Only the lines from the one containing "一片片鋪滿耀眼閃鑽的立體花瓣" to the end of the data below belong in the answer, each repeated exactly; no pictures.

━━ Material provided ━━

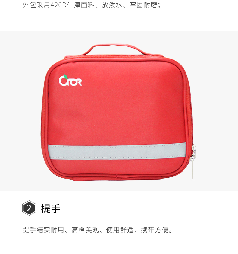 防泼水面料、包内分隔合理、内容物配置科学实用、内容物取用方便快捷。
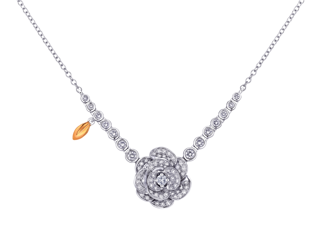 一片片鋪滿耀眼閃鑽的立體花瓣,完美的鑲嵌工藝展現花朵嬌媚的形態,同時襯托出現代女性堅強外表下美麗熱情的特質,是令女士一見傾心的珍貴典藏。
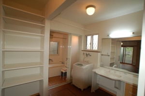 脱衣所には、使いやすい作り付けの棚を設置しました。

━━━

» **Final answer**
 一片片鋪滿耀眼閃鑽的立體花瓣,完美的鑲嵌工藝展現花朵嬌媚的形態,同時襯托出現代女性堅強外表下美麗熱情的特質,是令女士一見傾心的珍貴典藏。
 脱衣所には、使いやすい作り付けの棚を設置しました。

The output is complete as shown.